When it comes to technical death metal, Revocation are one of the most unique bands in the genre. They’ve created a distinct sound by pushing the boundaries of aggressive music and blending it with jazz licks and classical methods of composition.
Over the years their sound has progressed beyond measure; their latest record Great is our Sin is by far their most distinctive effort yet. I recently sat down with Guitarist and Vocalist Dave Davidson, where we spoke about some of his influences and motives
How has the response to the new album been so far?
The response has been really overwhelming. I was online earlier looking at some reviews from the critics and we’re getting near perfect scores across the board. We got a 4.5 out of 5 from MetalSucks, another 4.5 out of 5 from a different metal blog and a 9 out of 10 here, 9 out of 10 there. I’m really stoked on how the record’s been received from the critics and it seems the reaction from our fans is just as positive judging by the comments on the songs we’ve been posting.
Compared to previous releases, I feel as if Great is Our Sin is by far Revocation’s most powerful record yet. So I’m curious, what were your main influences while writing for this album?

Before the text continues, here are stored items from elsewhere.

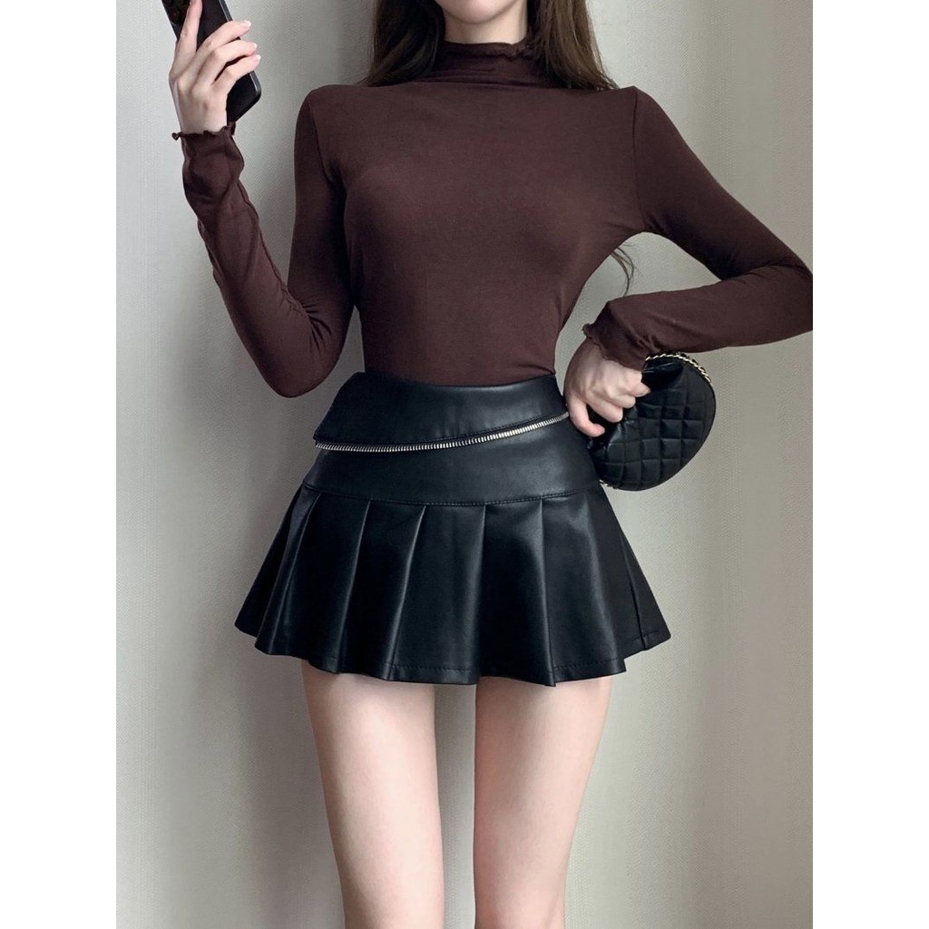Váy Da Pu Xếp Ly Váy Nữ Đơn Giản Phù Hợp Với Mùa Thu Đông Phong Cách Mới Cao Cấp Ôm Hơn Nhìn Tất Cả Trận Đấu Váy Chữ A Nóng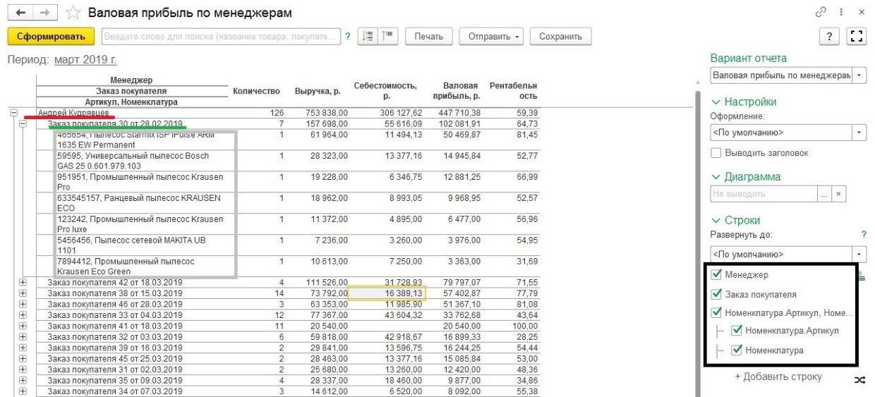 Эту информацию руководитель может увидеть из стандартного отчета в системе «1С:Управление нашей фирмой 8.3» - «Валовая прибыль по менеджерам». Автоматически отчет здесь сформируется по всей номенклатуре. Но если вам надо отобрать конкретную номенклатуру, то придется выполнить некоторые настройки. Через расширенный вид следует установить отбор номенклатуры по наименованию и выбранному условию.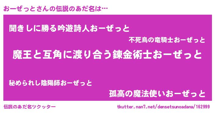 | ヒーロー風カッコイイあだ名 | 『愛の使者おーぜっと』『ネオオーゼット』 |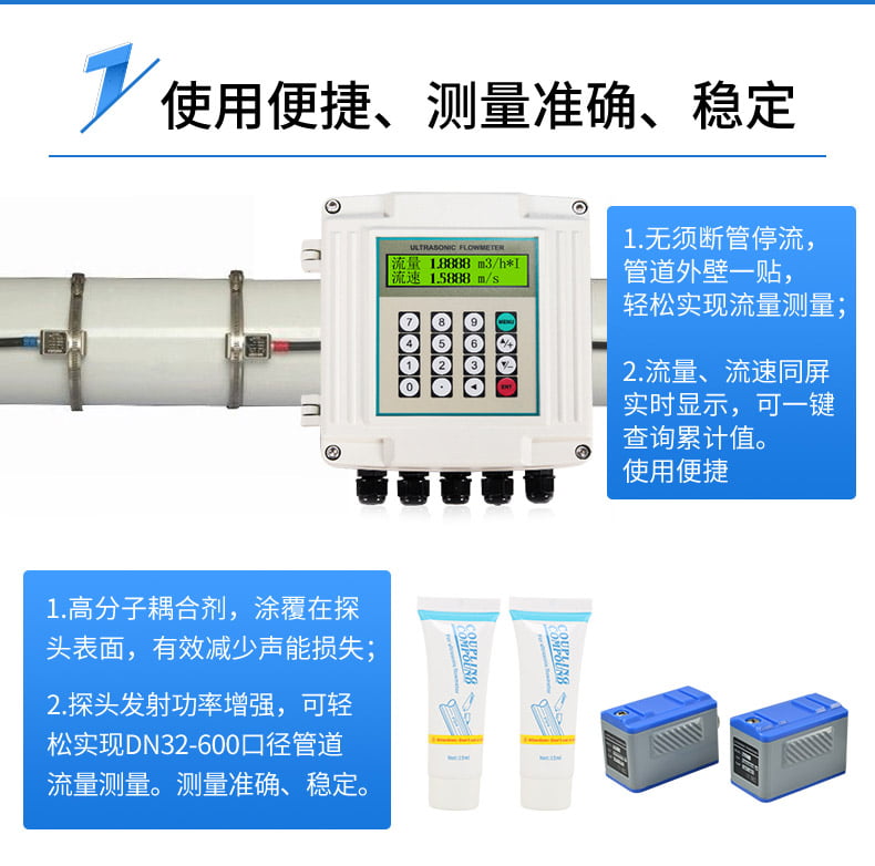 2、管道材料: 鋼,鑄鐵,PVC管材等超聲波可穿透的滿管,質(zhì)地致密,無嚴(yán)重腐蝕結(jié)垢,允許薄層質(zhì)密襯里;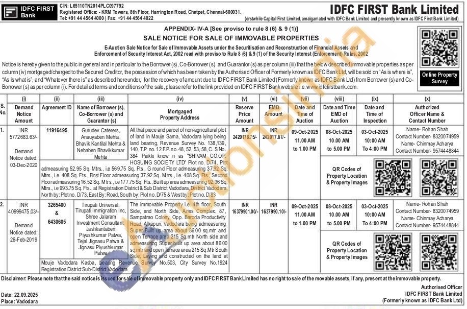 immovable Property i,e. 4th floor, South Side, and North Side, Aries Complex, 87, Sampatrao Colony, Opp. Baroda Productivity Road, Alkapuri, Vadodara being admeasuring Super Built up area about 86.00 sq.mtr and open Terrace area 215 Sq.mtr North side and admeasuring Super built up area about 86.00 sq.mtr and open Terrace area 215 Sq.Mtr South Side, Laying and constructed on the land at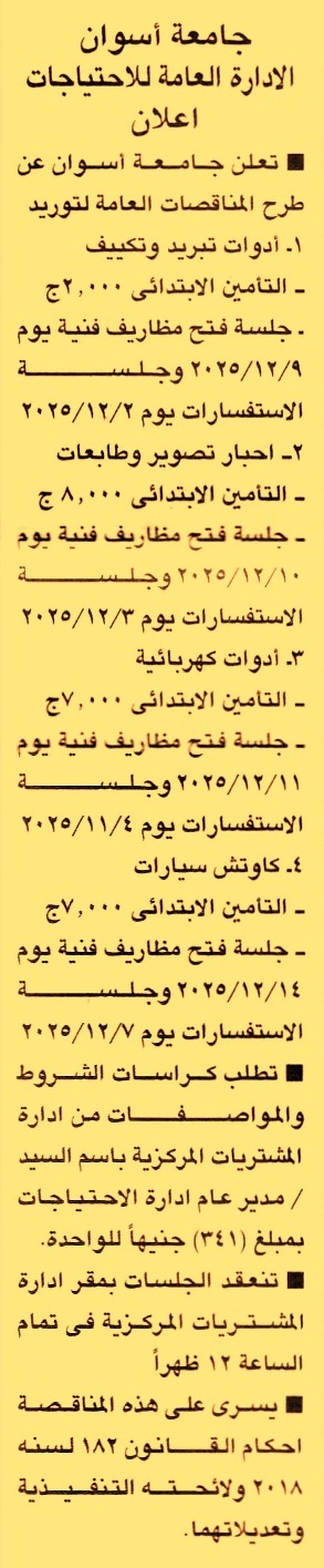 HOT Information مناقصة عامة لعملية توريد أدوات تبريد وتكييف (جلسة الاستفسارات يوم 2/12/2025) عن جريدة الجمهورية Post navigation مستشفى الأطفال بجامعة أسيوط جامعة طنطا
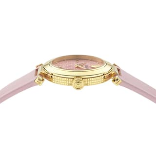 صفحهی صورتی لطیف (pink dial) طراحی بدیعی دارد که با لوگوی مشهور Medusa ورساچه در موقعیت ساعت ۱۲ ترکیب شده تا حس هویت برند و پرستیژ بصری را بهوضوح منتقل کند. این رنگ در کنار قاب طلایی جلوهای زنانه و لوکس به ساعت میبخشد که میتواند استایل شما را در موقعیتهای رسمی، اجتماعی یا روزمرهی شیک پشتیبانی کند.

I’ve been listening to a lot of death metal lately. I think my jazz influences are creeping through a little bit more in terms of my phrasing and my solos. We’re getting more aggressive as time goes on; maintaining our sound while also bringing in new elements to expand the umbrella of what the Revocation sound is and what it’s capable of doing.
The song ‘Theatre of Horror’ is very interesting and even sounds slightly neo-classical at times. Is a blend of genres or a progressive feel something you aim for when writing or does it come naturally?
It’s more of a natural thing to be honest. I think studying music and composing becomes the forefront of your mind but then you let that feed more into your subconscious when you’re writing. For example because you mentioned Theatre of Horror, the pre chorus riff is an interesting idea with some pull offs but it goes through a couple of different key changes. It’s like having what you’d call a motif in classical or jazz where it’s a melodic arrhythmic idea that goes through some different permutations. It’s not necessarily something I aim for, I hear the riffs in my head and think this is a cool idea, how can I move this around to a different key or expand upon it so it’s not just riff after riff where there’s no development.
This is Revocation’s first album with the new drummer, Ash Pearson. Was it tough finding a replacement for Phil?
It was tough, but Ash is an amazing drummer. He actually filled in for us on the Cannibal Corpse tour, so when Phil left the band we called Ash and it just so happened that 3 Inches of Blood, Ash’s previous band were disbanding right around that time. We got lucky, we didn’t have to do the year long search for a drummer. He had filled in for us, he played all the songs well and he was great to hang out with on the road. He was the first person we called and it all worked it, it was like one of those perfectly timed situations.
Great is Our Sin is your second release through MetalBlade Records, not including the re-release of your first album Empire of the Obscene. How has the label been for you guys so far and has it helped to keep the band motivated?
The labels been really supportive; they’ve got a great team working there. What’s cool is that everyone’s passionate about the band at MetalBlade, it’s nice when they’re fans of your music. They’ve got a great worldwide presence, I mean I’m doing Australian interviews right now so the reach is pretty wide in terms of who they can tap into for promotion and press.
You offer music lessons both online and occasionally while on tour. Does passing down your knowledge and reflecting on what you have learnt over the years help to keep the ideas flowing for new material?
Yeah, for sure. I think teaching helps to keep you really sharp because you have to explain different concepts, techniques or ideas and a lot of times you have to explain them in different ways; one way I might explain something to one student might be totally different than the approach I take with a different student. So you have to come at it from a lot angles and I think that reinforces your knowledge with the instrument and music in general.
At the beginning of 2015 Nick Schendzielos from Job for a Cowboy released a video you were featured in that was titled “Newborns or Benjamin Butthole Surfers” which was both awesome and hilarious. Do you see yourself working on a full length collaboration like this in the future?
Probably not, that was just for fun. It’s funny we kind of just came up with that one afternoon and filmed it, there wasn’t much thought that went into the music or anything but of course something as absurd and silly as that ended up getting national attention. It was on a Comedy Central late night show and all this stuff, it garnered a lot of attention but I don’t see myself trying to create a record around that.
In December 2014 Revocation came to Australia for the first time for the release of Deathless. You toured with Thy Art is Murder, Disentomb and Psycroptic who are all big and well respected bands from the Australian metal scene. When the time comes for Revocation to come back to Australia, are there any particular Aussie bands you would like to tour with?
It’d be great to your with all those bands again, we had an absolute blast and they’re all homies. In terms of other bands to tour with; it’d be cool to tour with Stargazer. Also Portal that would be incredible to tour with those guys. Such a weird, interesting band so we could do a really underground sort of death metal tour with that line up.